• [ASSIGNED TASK]: Every line below needs to be transcribed without alteration, and no image may be carried over.

• [EXERCISE DATA]:
────────

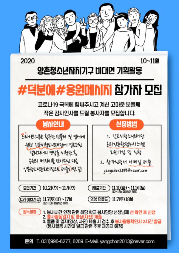 (재)김포시청소년재단 양촌청소년문화의집은 소속 청소년운영위원회 및 동아리 청소년들이 직접 기획한 ‘양촌청소년의 #덕분에#응원메시지’ 비대면 기획활동을 진행한다.
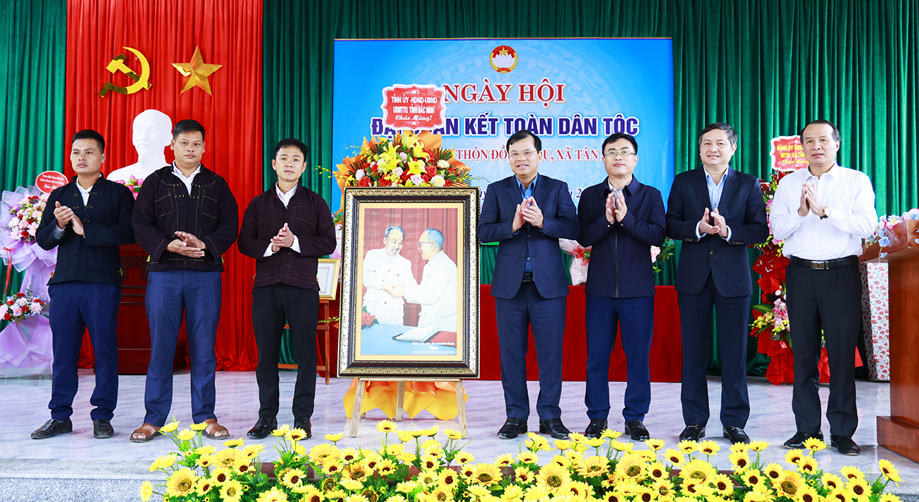 Phó Chủ tịch UBND tỉnh Phan Thế Tuấn cùng các đại biểu tặng hoa và bức tranh Bác Hồ với Bác Tôn cho lãnh đạo thôn Đồng Dau.
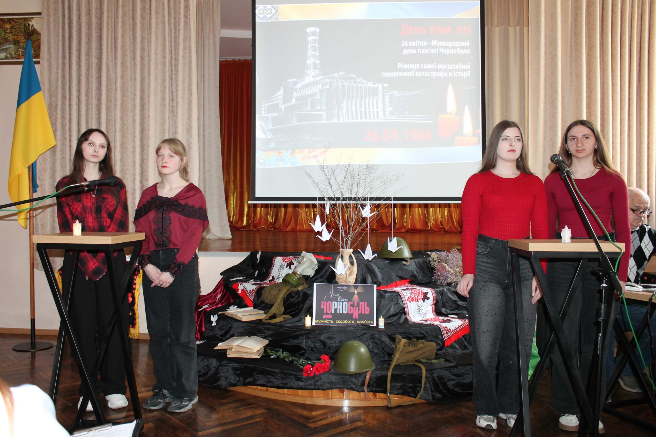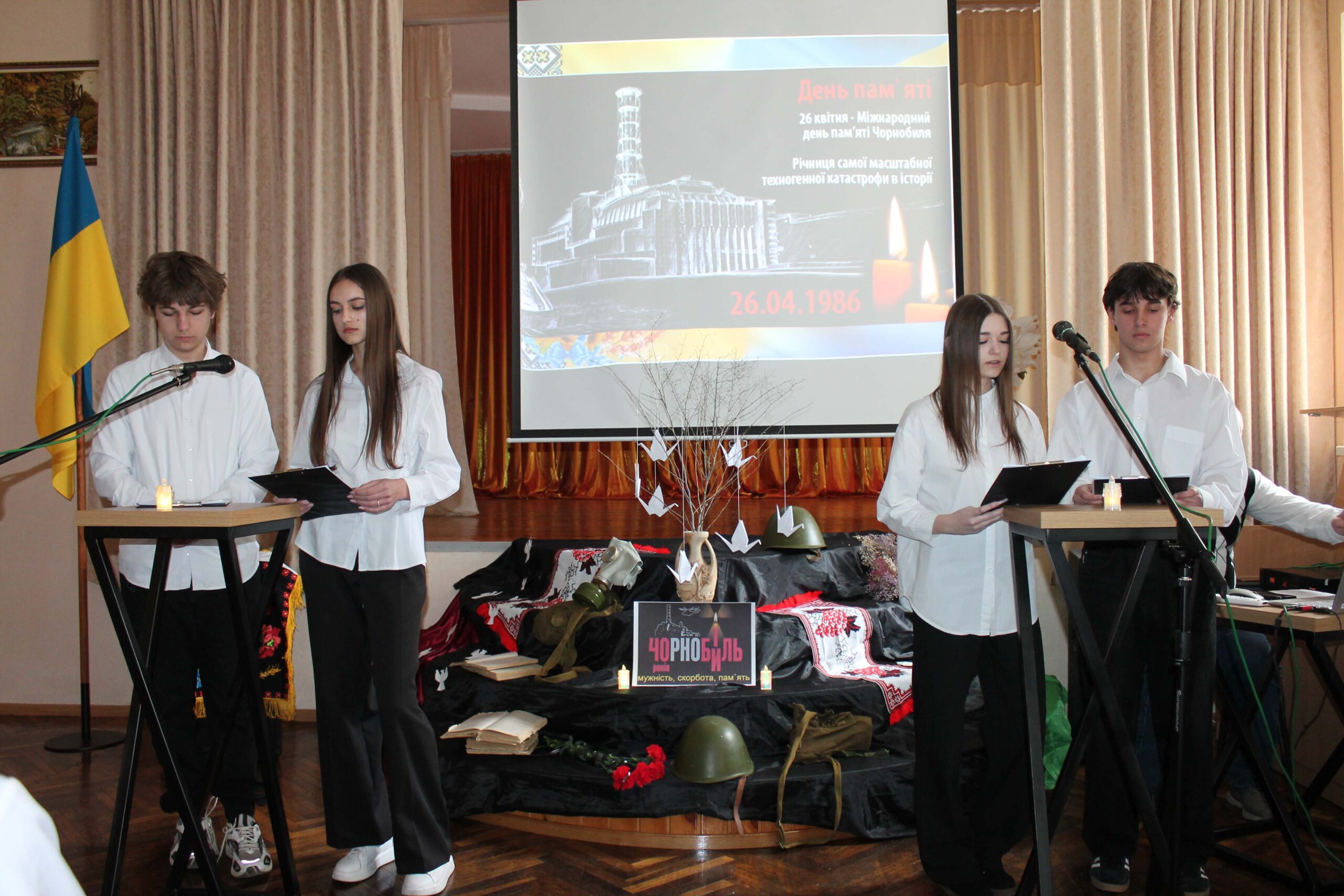 З метою вшанування подвигу учасників ліквідації наслідків аварії на Чорнобильській АЕС, пам’яті жертв цієї катастрофи для студентів I-II курсів було проведено виховний захід «Чорнобиль – мужність, скорбота, памʼять», який підготували керівник академічної групи БЛ-109 Анатолій КОКОРСЬКИЙ та здобувачі освіти БЛ-109 курсу.

────────

• [WRITTEN RESPONSE]:
 (재)김포시청소년재단 양촌청소년문화의집은 소속 청소년운영위원회 및 동아리 청소년들이 직접 기획한 ‘양촌청소년의 #덕분에#응원메시지’ 비대면 기획활동을 진행한다.
 Phó Chủ tịch UBND tỉnh Phan Thế Tuấn cùng các đại biểu tặng hoa và bức tranh Bác Hồ với Bác Tôn cho lãnh đạo thôn Đồng Dau.
 З метою вшанування подвигу учасників ліквідації наслідків аварії на Чорнобильській АЕС, пам’яті жертв цієї катастрофи для студентів I-II курсів було проведено виховний захід «Чорнобиль – мужність, скорбота, памʼять», який підготували керівник академічної групи БЛ-109 Анатолій КОКОРСЬКИЙ та здобувачі освіти БЛ-109 курсу.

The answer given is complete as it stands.